Integrity of Ukraine’s Russia-held nuclear plant ‘violated’, IAEA chief says
- An International Atomic Energy Agency team braved intense shelling to reach the Zaporizhzhia nuclear power plant
- IAEA visit came as Ukrainian troops pressed ahead with a counteroffensive in the nearby region of Kherson
The head of the UN nuclear agency said the “physical integrity” of a Russian-held Ukrainian nuclear plant had been “violated” following frequent shelling, on his team’s first visit to the facility.
Russian forces seized control of the Zaporizhzhia nuclear plant in southern Ukraine, Europe’s largest, and the surrounding region shortly after the February 24 invasion.
Both sides have traded blame for recent shelling near the plant lying on the frontline, sparking fears of a nuclear disaster.
A 14-strong team of inspectors from the International Atomic Energy Agency arrived at the facility on Thursday to conduct “security and safeguards activities” after a risky journey across the frontline and early-morning shelling of the area.
“It is obvious that the plant and physical integrity of the plant has been violated several times,” IAEA head Rafael Grossi told reporters after returning to Ukrainian-controlled territory.
Grossi said part of the IAEA mission would stay at Zaporizhzhia “until Sunday or Monday” to continue the assessment, without specifying their number.
The Argentine described the visit as productive and said he gathered lots of information.
After the inspection, in a video released by the Russian RIA Novosti news agency, Grossi said: “We have achieved something very important today and the important thing is the IAEA is staying here”.
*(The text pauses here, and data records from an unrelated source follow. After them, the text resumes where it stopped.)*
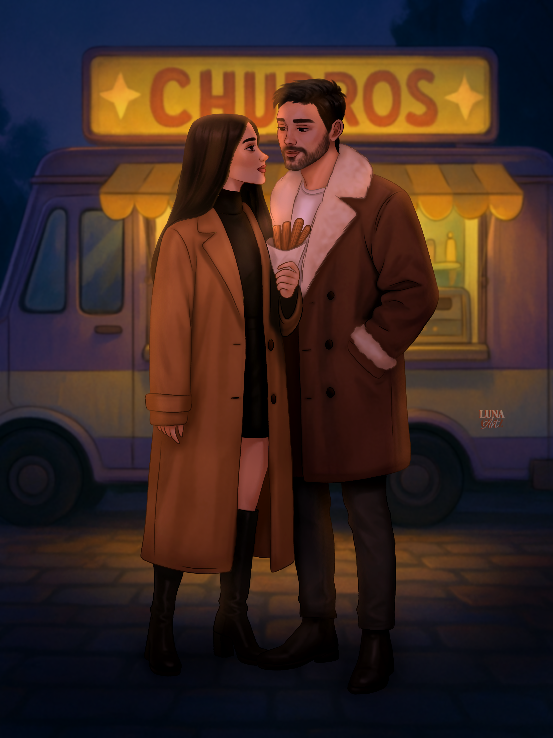 The temperature was as cold as ever, the air just as perfumed by the cinnamon sugar from the churro truck. “Would you like a churro before you go?” he asked her politely.
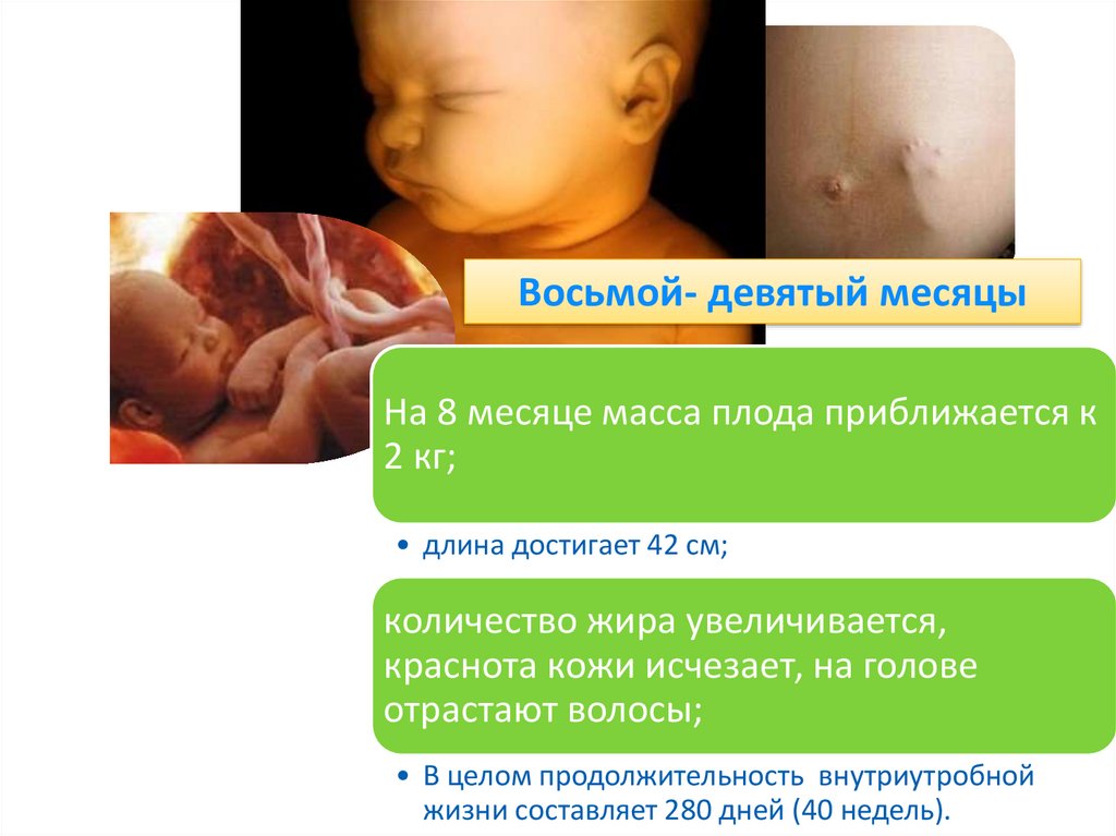 Восьмой- девятый месяцыНа 8 месяце масса плода приближается к
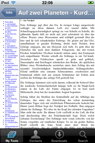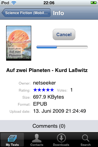 Anzeige, Bedienung und Lesekomfort sind zwar bei Weitem noch nicht so ausgereift wie bspw. bei Stanza aber zumindest kann man nun endlich auch ePub-Dokumente direkt von txtr.com auf iPhone/iPod herunterladen und anzeigen. Im AppStore ist die Anwendung unter dem Namen "txtr" zu finden... Last edited by netseeker; 07-09-2009 at 05:50 PM. Reason: Screenshots hinzugefügt |

Russia’s ambassador to international institutions in Vienna said two IAEA inspectors would stay at the plant on a permanent basis, RIA said on Friday.
A dawn shelling attack on the area had forced one of the plant’s six reactors to close.
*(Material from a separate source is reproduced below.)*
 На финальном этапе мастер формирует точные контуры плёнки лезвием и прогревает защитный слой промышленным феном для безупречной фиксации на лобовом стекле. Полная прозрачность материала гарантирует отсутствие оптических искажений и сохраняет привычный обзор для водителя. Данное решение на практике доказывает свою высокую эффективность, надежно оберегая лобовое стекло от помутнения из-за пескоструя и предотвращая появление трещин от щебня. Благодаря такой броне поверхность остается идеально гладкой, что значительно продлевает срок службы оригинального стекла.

Energoatom, Ukraine’s nuclear agency, said it was “the second time in 10 days” that Russian shelling had forced the closure of a reactor.
It said the plant’s emergency protection system kicked in shortly before 5am, shutting reactor five, with the attack damaging a backup power supply.
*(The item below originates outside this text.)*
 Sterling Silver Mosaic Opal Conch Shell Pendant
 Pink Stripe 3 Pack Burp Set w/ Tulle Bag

Energoatom also said it would be would be difficult for the IAEA team to make an impartial assessment due to Russian interference.
“The Russians did not allow the mission to enter the crisis centre, where Russian military personnel are currently stationed, whom the IAEA representatives were not supposed to see,” Energoatom said in a statement.
“It is high time to stop playing with fire and instead take concrete measures to protect this facility … from any military operations,” Robert Mardini, chief of the International Committee of the Red Cross, told reporters in Kyiv.
He warned the consequences of hitting the plant could be “catastrophic”, saying “the slightest miscalculation could trigger devastation that we will regret for decades”.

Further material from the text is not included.